很是好客。听说段成式是读了书正在游学,又听说他们是从长安来的,格外敬重起来,赶紧把自己的一对儿子拎了过来。
「难得来了贵客,老大老二,你们背段文章给客人听听。」
江涉看著那两个倒霉的小孩,玩得正疯,被家里下人抓了过来,浑身毛都竖起来了,像是只发火的刺猬老大背:「关关雎鸠……」
老二浑身是脏土,磕磕绊绊背了两句论语。
胥庄主眼睛都瞪起来了,从鼻子里喷出两道气,看著他的倒霉儿子:「送你去读书,你这都是怎么学的?」
段成式尴尬起来,没想到自己竟然惹来别人家孩子的一顿教训,他看了仆从一眼。仆从连忙从马车里拎下来之前路上买的两条腊肉。这些是要送给主人家的。
仆从又问能不能借了灶用。
胥庄主不好再训子,连忙应下,又让家里的厨娘帮忙,一下午,一家子下人忙得不可开交。胥大郎和胥二郎坐在小马扎上,听这几个客人说话。

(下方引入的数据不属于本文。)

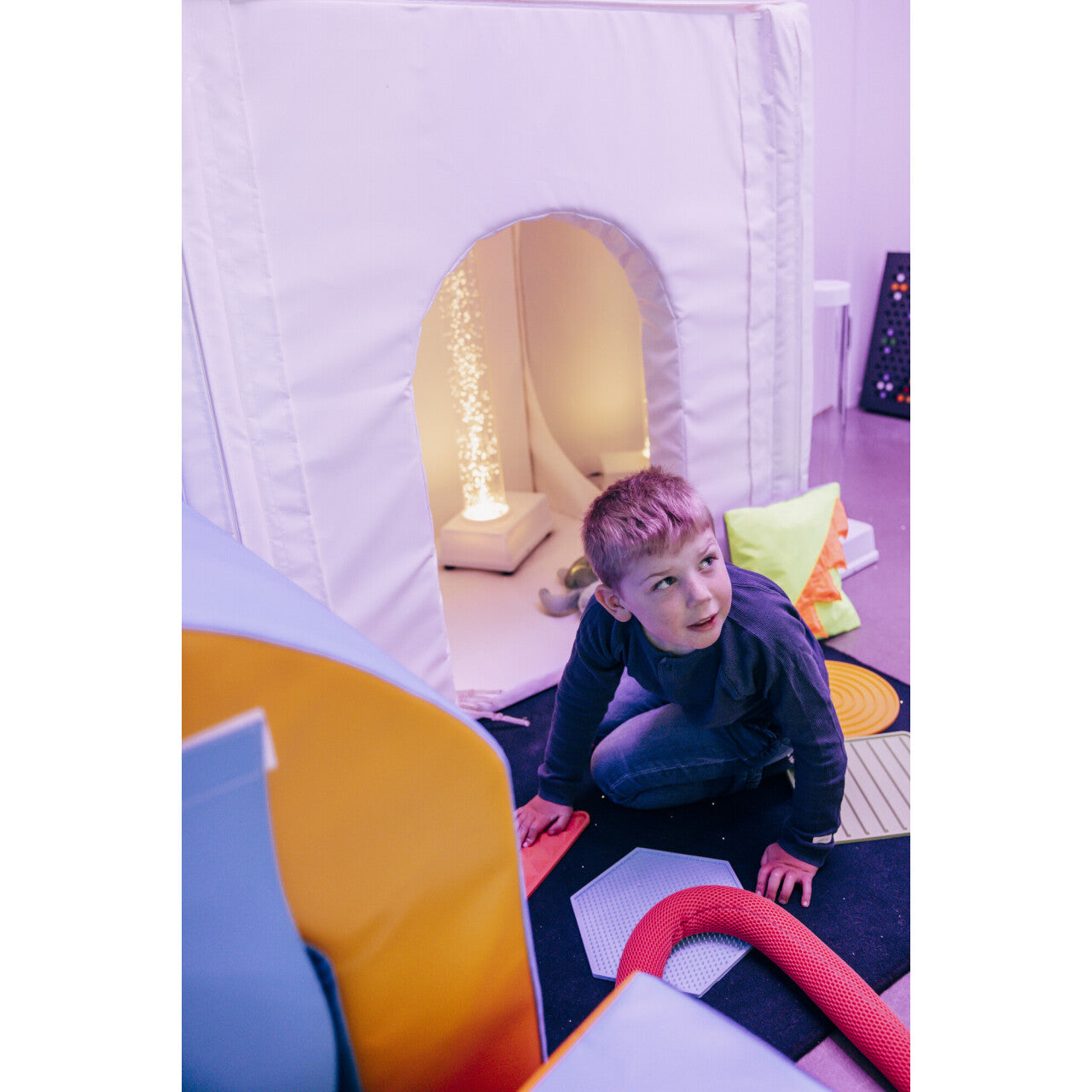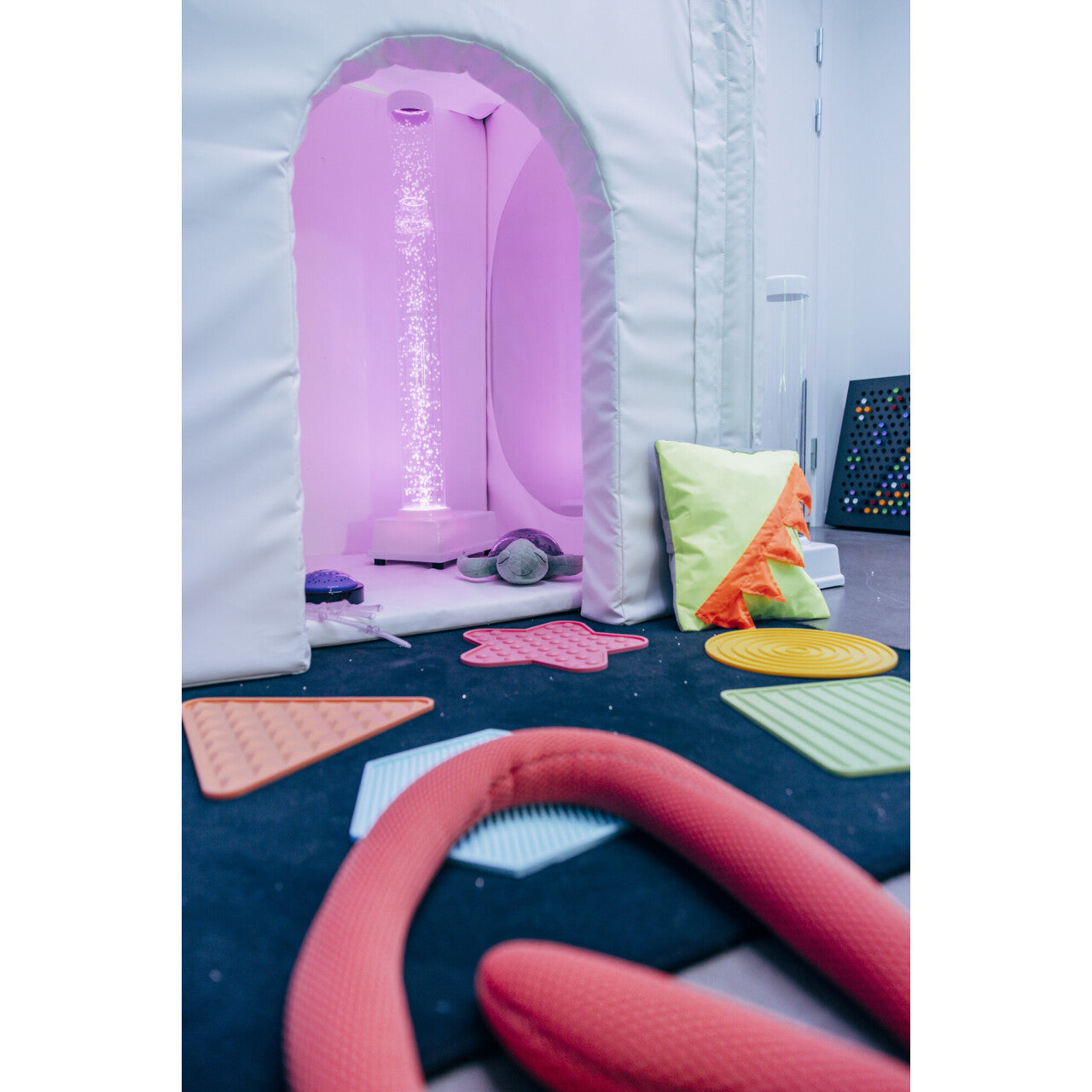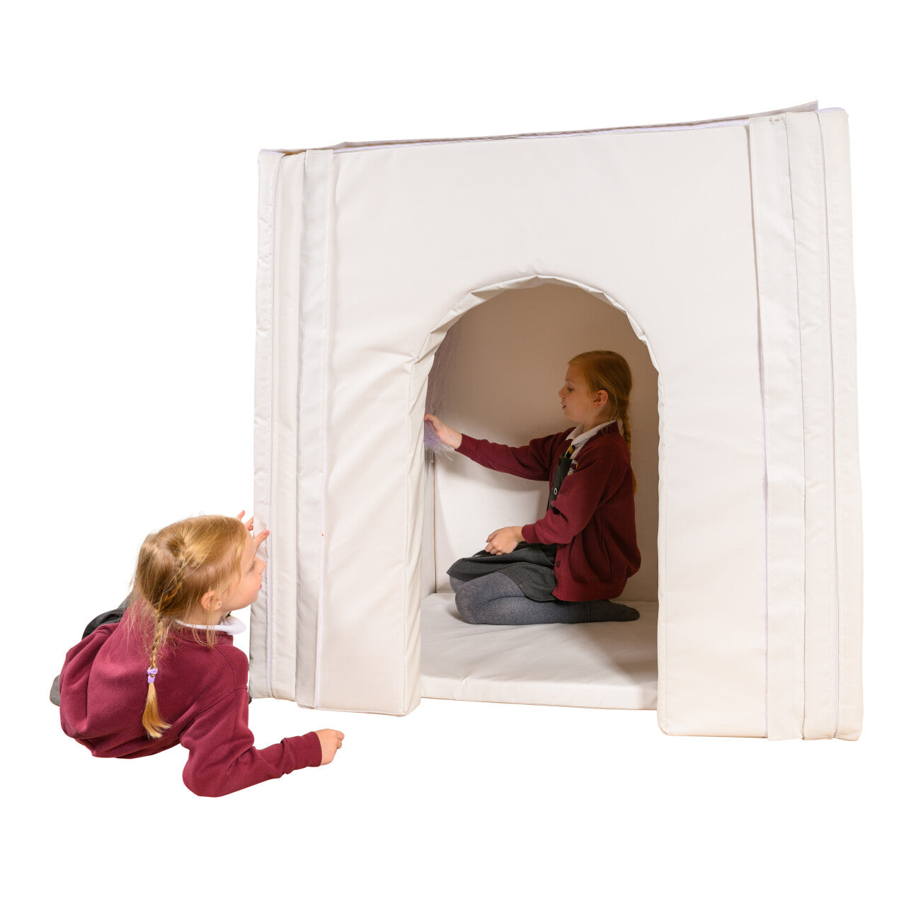 Dit opvouwbare ontwerp is gemakkelijk in elkaar te zetten en creëert snel een schuilplek in elke kamer. De ruimte binnen voelt groter aan dan hij is dankzij de tunnel van spiegels, en de grote deur zorgt ervoor dat je in contact blijft met de buitenwereld. Het is ontworpen om verlicht te worden met een set vezeloptische staarten (niet inbegrepen).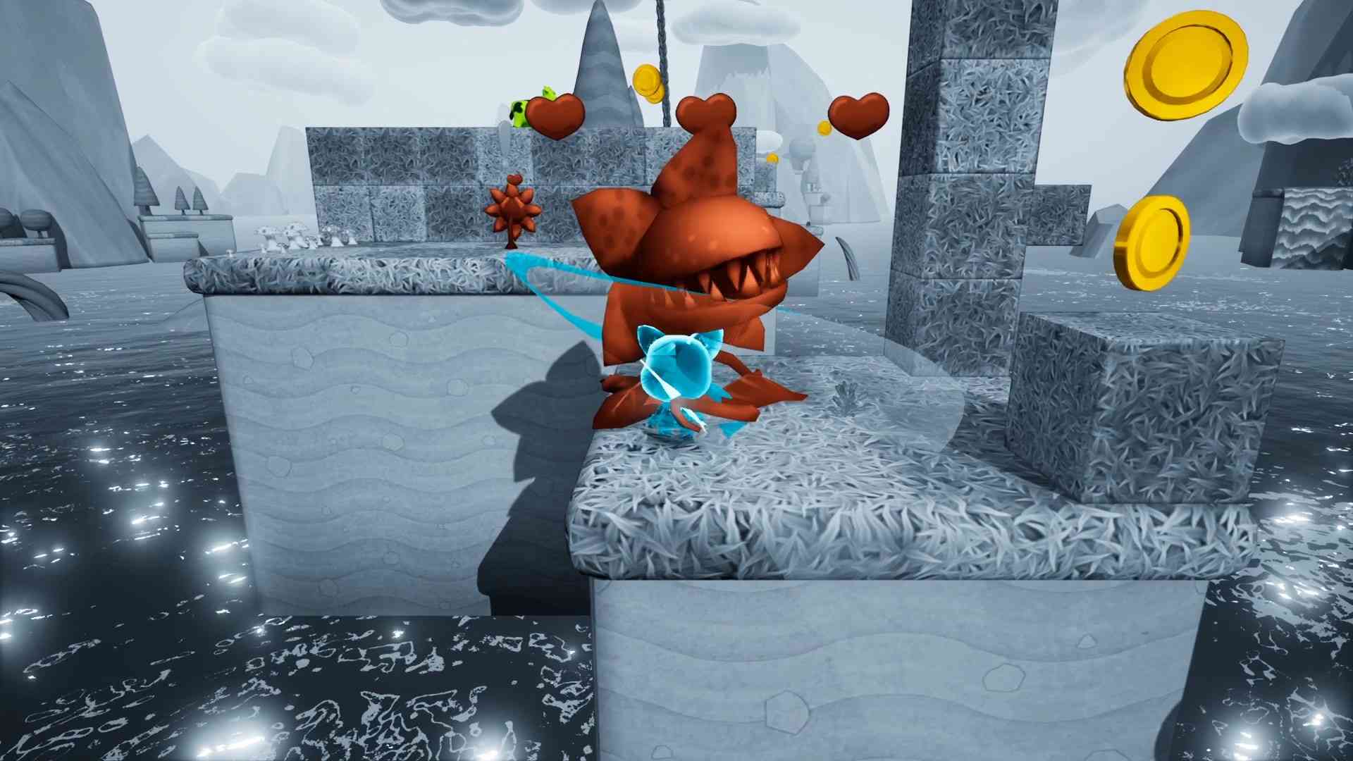 Neko Ghost, Jump! encourages exploration between solving puzzles, but it also has an emphasis placed on speedruns. A scoreboard at the end of a level will calculate the collectibles you found on any given run, how many enemies you killed, and several other things are factored into a time reduction to how long it took to complete the level. It’s like if Little Big Planet had way fewer orbs, but the orbs reduced the time it took to complete levels so that you could climb the leaderboards through multiple methods. Neko Ghost, Jump! will probably get to the point where it includes LBP levels of customization but the demo doesn’t offer much in that aspect. The gameplay needs some tweaking, but the 2D/3D design of Neko Ghost, Jump! is a lot of fun.

段成式坐在一块石头上,他们今天没讲太行山的故事,反倒又提起了朝歌。
「前辈之前说,他们祭祀的那些字,您之前在山上看到过类似的?」
妖怪点点头。
「长什么样子?」段成式请教。
妖怪挠了挠脑袋,毕竟她在山上住了好多年呢,一开始以为石碑上全都是乱刻的东西。是人说了,她才知道那些原来是字。
一个长得怪模怪样的。
她找来一个树杈,在地上划拉。胥家的两个孩子凑近看,不知道他们说的什么「朝歌」是什么地方。段成式就说:「上古有夏商周三朝,朝歌就是商朝纣王的都城。」
两个孩子读过书,夏商周是听学堂里的夫子说过的,他们托著腮帮子看那比他们还小的小孩拿著棍子。院子里肉香弥漫,兄弟俩遐想起来。
「上古有多远?」
段成式说:「几千年。」
胥家的两个孩子窃窃私语:「几千年有多远啊?我们家里的老祖宗那时候应该都没生出来吧?」「肯定没出生,爹说咱们家到玄宗的时候才有田。」
「玄宗是谁?」
同样坐在大石头上,猫儿收起了树枝。
她指著一个圆圈里的一个点。给众人介绍说。
「这是日。」
她指著一个竖起来的月牙,里面也有一个点。